T Junior’s whimpering behind the baby gate at the bottom of the stairs.
I unlatch Lucy’s crate door, and she practically knocks me over tearing out of it. Next AJ. And Annie. The three boxers punch each other in the face, skip around the master bedroom and then out the door to thunder up and down the staircase like a herd of elephants (as my mom would say).
Thump, thump, thump, thump. Pause. Thump, thump, thump, thump, thump, thump. Pause. Thump, thump. Pause. Thump, thump, thump…(you get the idea).
I open the bottom drawer of my pine dresser for a pair of workout pants and see nothing but PJ bottoms. Top drawer. No sports bra either. When did I last do laundry? What kind of marathoner wears jeans to exercise? Well, I guess it is just a walk today.
I quickly trade my blue button-up for a white Peterbilt logo t-shirt (a memento from a previous life), decide to just leave my black trouser socks on, sweep my grown-out bob into a pony tail with an elastic band and hurry down the stairs to let the dogs out.
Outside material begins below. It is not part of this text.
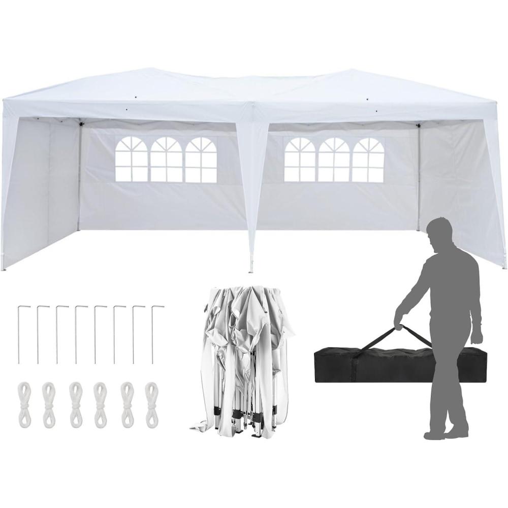 【WIDE APPLICATION】This party tent is perfect for commercial or recreational use like party, wedding, graduation, flea market, small business, outdoor events, patio leisure, backyard, camping, picnics, sporting events, trade shows, fairs, flea markets, yard sales, parties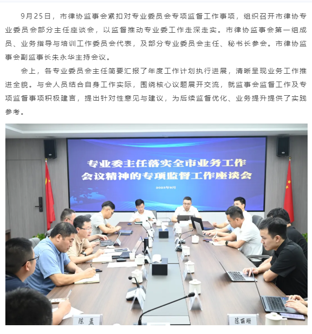 市律协监事会召开专业委员会主任座谈会——深化专项监督,促业务落地

I shoo the three stooges out the door and off the deck to potty, then come back inside to put T Junior’s shoes on for our walk. He’s not allowed to ride in his red plastic car without some protection on his feet since he can’t resist dragging his toes on the serrated cement sidewalk. But I get distracted when out of the corner of my eye, I spot AJ sniffing around in the grass when he’s supposed to be in the dog run’s wood chips. I rush to the sliding glass door and rip it open.
“Hey! AJ! Chips! AJ! Chips!”
He keeps his nose in the lawn, but moseys toward the designated area.
I sit on the kitchen floor with T Junior and tie on my running shoes. They are dusty from 24 days of training. Now there’s a dirt film on my fingertips.
The dogs are done. I let them in, find my phone, make sure the pantry door is shut, pick up T Junior, find his shoes, loop my finger through my key ring and exit through the garage door.
Sometimes getting ready to exercise is more tiring than the actual workout.